Mapreduce
Notes from the google's mapreduce paper
December 24,2022
last update: 2024-12-15
MapReduce is a programming model published in 2004 by google, to process large data in clusters
in general, it involves 2 events
map(String key, String value):
// key: document name
// value: document contents
for word in value:
EmitIntermediate(w, "1"); // Write to intermediate file store
reduce(String key, Iterator values):
// key: a word
// values: a list of counts
int result = 0
for each v in values:
result += ParseInt(v);
Emit(AsString(result)); //Write to output file
Workflow
- MapReduce library in the user program splits the input files into M pieces. Then it starts up copies of the program in a cluster of machines.
- One copy is the master, everything else are workers. There are M map tasks and R reduce tasks to assign.

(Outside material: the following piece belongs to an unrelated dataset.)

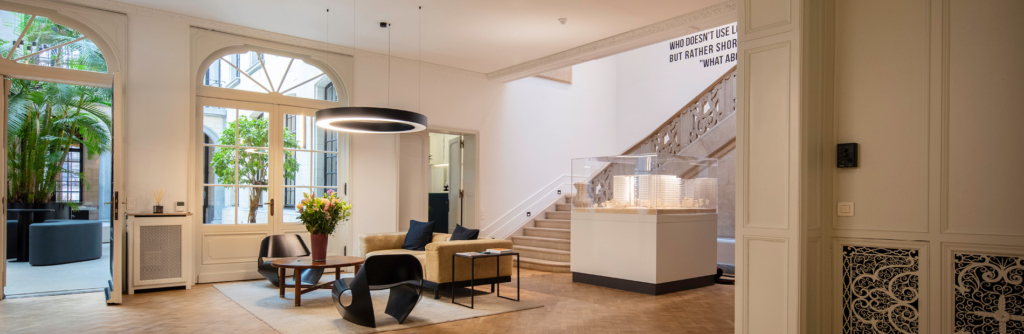 Onze liefde voor vastgoed heeft ons dit imposante herenhuis doen renoveren en inrichten als hoofdkantoor. Het hele gebouw werd zorgvuldig gerestaureerd en historische elementen opgewaardeerd. De moderne inrichting zorgt voor een fris contrast met het klassiekere karakter van de nerorococo stijl, ontworpen door het architectenduo Joseph Hertogs en Gerard De Ridder.

Master assigns M/R to idle workers.
- worker parses the input data and passes each pair to user-defined map function. intermediate values are buffered in memory.
- Periodically, buffered values => written to disk => forwarded to master => forwarded to reduce workers
- Reduce workers => notified by master, of the disk location => r-workers make rpc call to fetch file from m-worker => sort based on keys (so that same intermediate keys are grouped together) => passes key and correspond intermediaet value to the user-defined reduce function. output is appended ot a final output file for this partition.
- when all map-reduce tasks are done. master wakes up the user program.
Master Data Structures
- State of tasks
- intermediate data location